In the event of the deal being not successful, all shares in the group stable would have a higher base price anyway, is that the only thing the man wants? Seems too shallow for that. If anything, its more plausible to take Tanjong private. If I was a fund manager holding a sizable stake in Maxis, this is what I would demand from the man:
"Not at RM16, even though thats a nice premium. Better to gather all the foreign holdings into a SPV (call it Maxis International)and list them in Singapore. Keep Maxis listed but distribute the IPO shares in SPV to all Maxis shareholders as bonus. SPV will take care of future capital needs, and Maxis would then be able to distribute full RM1bn in dividends yearly instead of half that". This way, Maxis stay listed, better valuations for Maxis International, shareholders make tons on MI and doubling of dividends, everyone ends up richer. This way Maxis also allows minority shareholders to continue to participate in the growth and success of Maxis of the future. Don't just invite Malaysians to play when risks are high, and take good toys away from the kids.

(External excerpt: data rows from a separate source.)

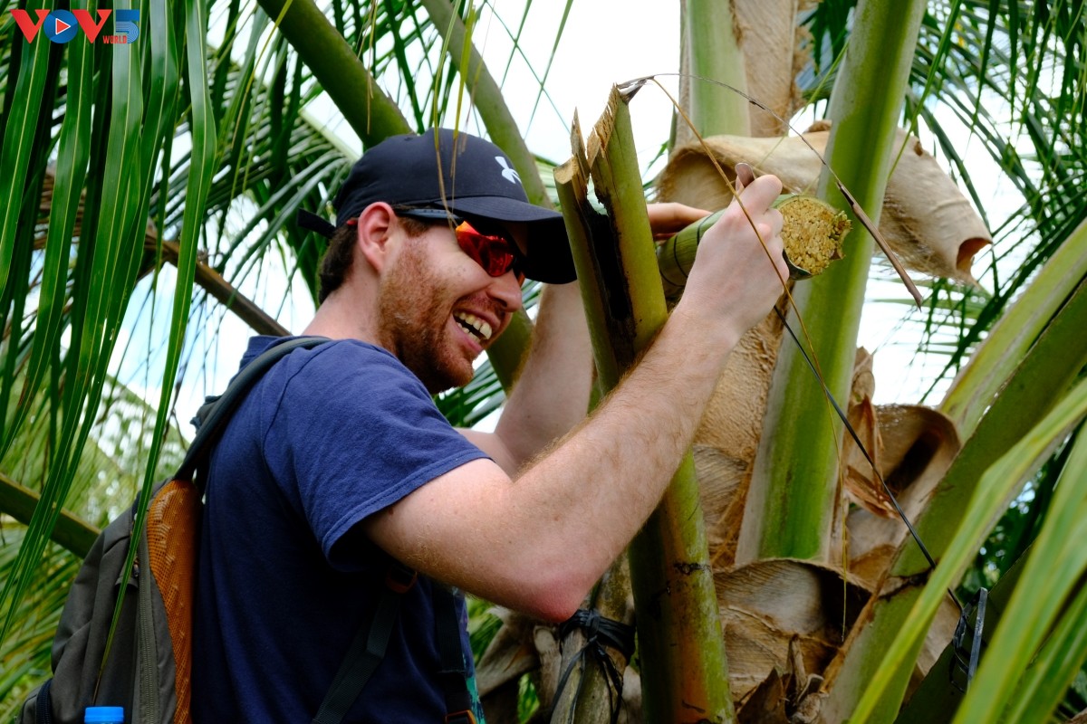 Visitantes participan en la experiencia de extraer néctar de coco de forma artesanal. (Foto: Thach Tra Vinh/VOV) |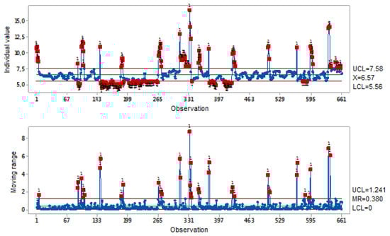 Finally, when creating individual and moving range charts (moving range is the absolute value of the difference between one value and the previous one) it can be seen that the process mean is not stable (Figure 7). This allows us to say that the difference between different hours’ emissions are not a random phenomenon. Many points are out of control limits UCL and LCL in the individual chart.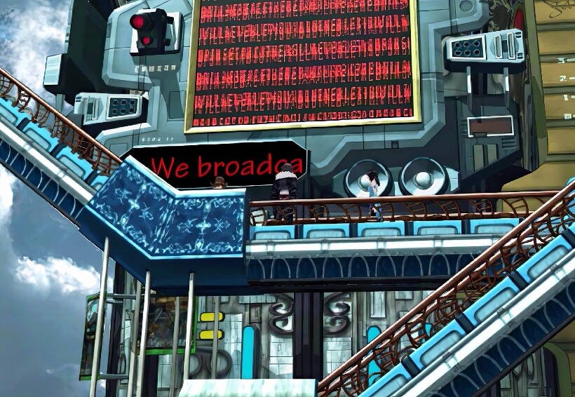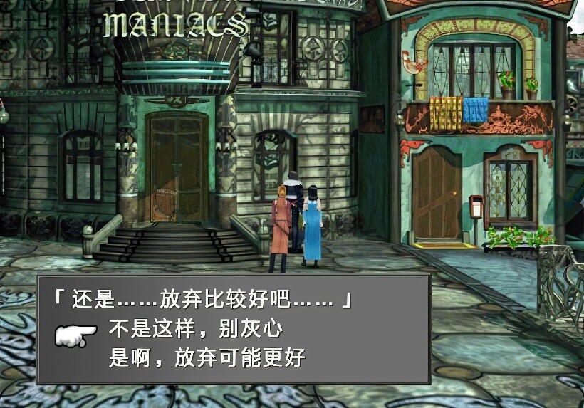 与杂志社门前坐着的男子谈话,得知他以能歌善舞的超级新闻记者为志愿,但是现在却有点灰心,此处对话的选项将影响这个男子今后的人生。只要选择了一次第一项“不是这样,别灰心”的话,那么在进入disc2之后再度与他交谈,他将表明自己已变为一位了不起的超级记者,并且以宠物的名牌作为答谢的礼物。若是没有选,则就只能听到“不但没能成为记者,而且还与女友吵架”的抱怨。

p/s Whether the share px trades below or above the offer px is not a true indication of potential success of the deal. Generally, if it trades above, investors are betting on a higher offer later on. If its lower, generally investors are selling first (with discount) as that might be the best thing to happen for the stock. However, all we need is an aggregation of a few fund managers to block the deal at the approval meeting to crush the deal.